The medical treatment in our dog consisted of corticosteroids, analgetic and antiepileptic drugs after seizure onset, with an adjuvant cytosine arabinoside therapy, which is routinely used for adjuvant treatment in meningoencephalitis in dogs [41] but also as a component in chemotherapeutic protocols for lymphoma [42,43]. Surgical evacuation of the compressive SFA was suggested after MRI based on the current recommendations in veterinary and human medicine for the treatment of other types of subdural lesions such as empyema [20,44] and compressive post-meningitis SFAs in humans [27]. Based on the multifocal nature of the disease and the failure to respond to medical treatment, the prognosis even with surgery was considered guarded to grave. Nevertheless, the owner elected surgical evacuation of the SFA over euthanasia. Post-mortem MRI did not demonstrate a recurrence of the SFA that could have explained the neurological deterioration that the dog developed some weeks after surgery. Clinical signs in CPTs are thought to be most commonly related to a secondary progressive hydrocephalus [45], a finding that is present in around 75% of dogs with CPT [3] and that was also identified on post-mortem MRI in our dog and therefore could have caused the worsening of neurological signs.
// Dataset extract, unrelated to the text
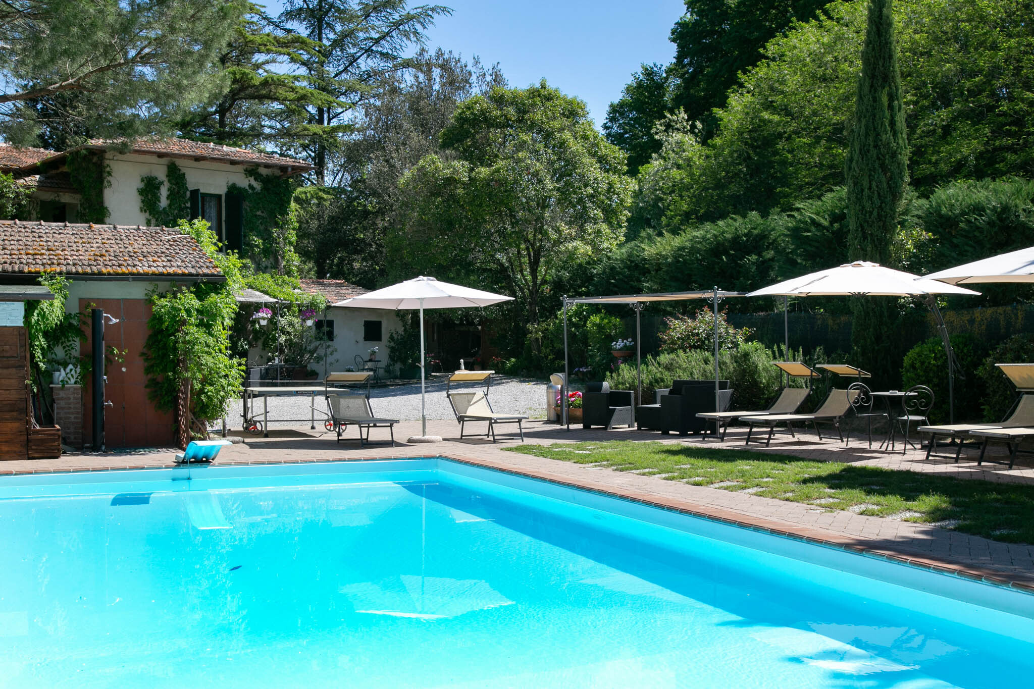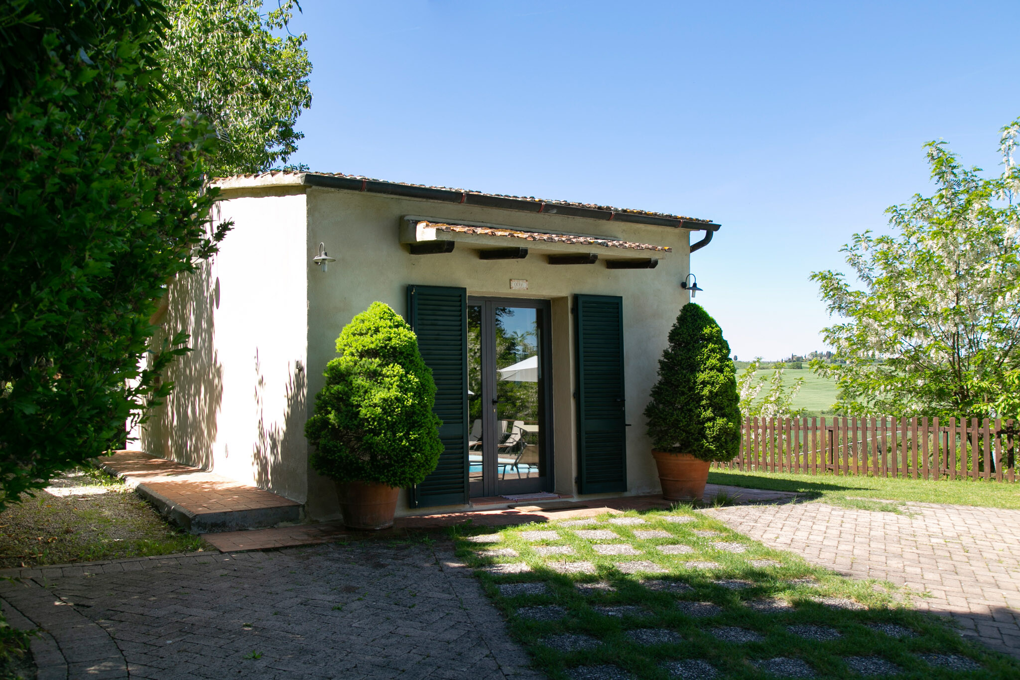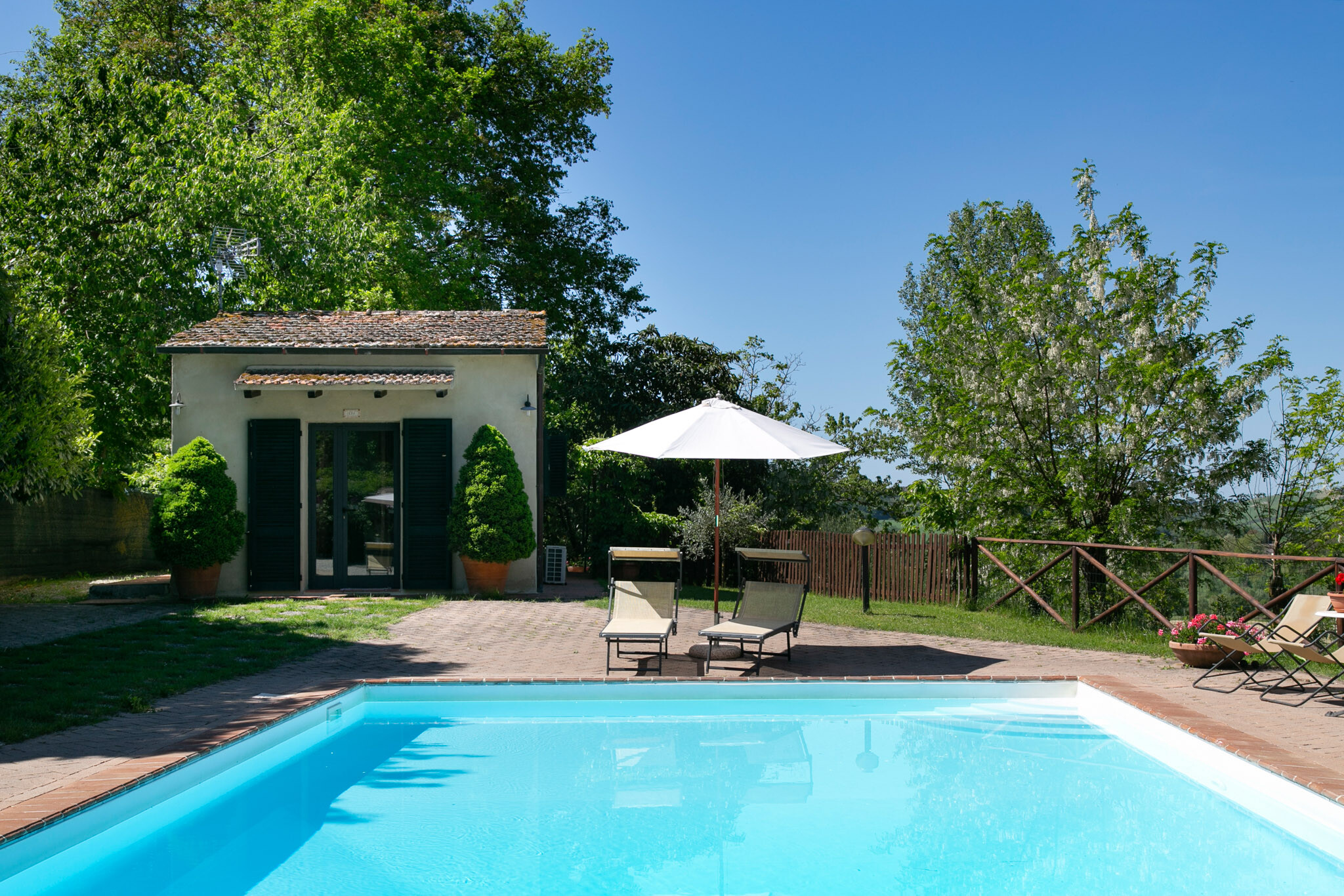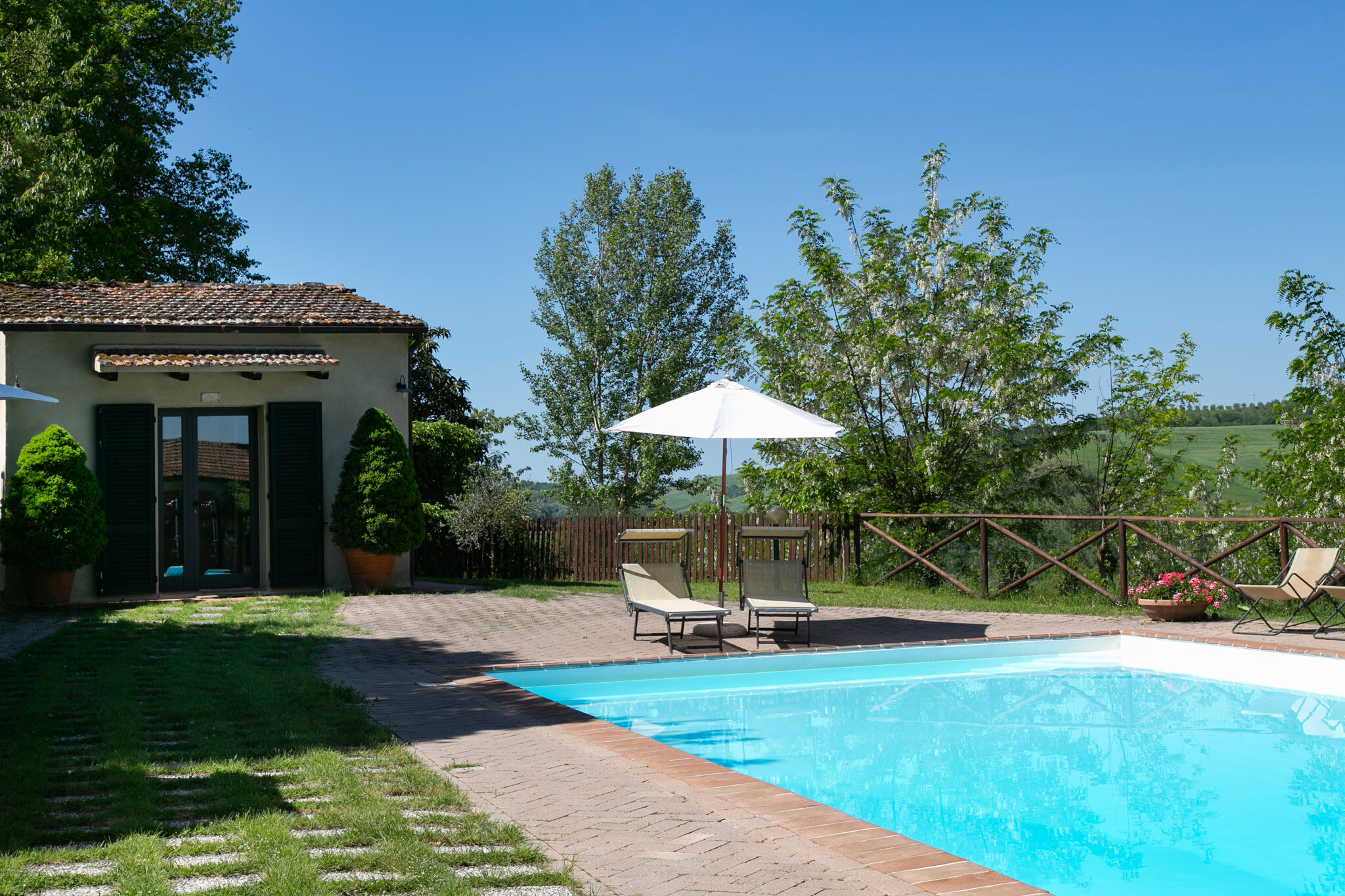 Outside, the park wraps around the property, offering an oasis of tranquility and a beautiful swimming pool, ideal for cooling off during hot summer days and enjoying the stunning views of the Crete Toscane.

As an intraventricular mass lesion was missing in our dog that could have caused obstruction of the ventricular system, it seems more likely that the hydrocephalus was caused by impairment of CSF production and absorption secondary to the CPC [5,6]. An effective palliative therapy option for obstructive hydrocephalus internus due to intraventricular neoplasia has been described in four dogs using ventriculoperitoneal shunting [46]. Temporary extraventricular drainage due to hypertensive hydrocephalus and permanent ventricular-peritoneal shunt as adjuvant treatment in CPTs in humans are required in 35% and 17% of children, respectively [36]. Another reason for the neurological deterioration in our patient was most likely the invasive and extensive nature of the CPC and it therefore appears questionable if additional treatments such as ventriculo-peritoneal shunting or irradiation could have been beneficial in this dog.

4. Conclusions

In conclusion, this is the first report of a SFA that was associated with a CPC in a dog that demonstrated extensive, diffuse lesions throughout the entire CNS including disseminated meningeal involvement in the absence of an intraventricular mass lesion. The clinician should be aware of rare variants of unusual CPCs that can be associated with a SFA, cyst-like lesions, generalized meningeal changes and lack the presence of an intraventricular mass.

Author Contributions

Conceptualization, N.S., A.B., K.M. and B.P.; methodology, N.S., A.B. and B.P.; validation, N.S., A.B., K.M. and B.P.; investigation, N.S., A.B., K.M. and B.P.; resources, N.S., A.B., K.M. and B.P.; writing—original draft preparation, N.S.; writing—review and editing, A.B., K.M. and B.P.; visualization, N.S., A.B. and B.P.; supervision, A.B., K.M. and B.P.; project administration, N.S., A.B. and B.P. All authors have read and agreed to the published version of the manuscript.

Funding

This research received no external funding.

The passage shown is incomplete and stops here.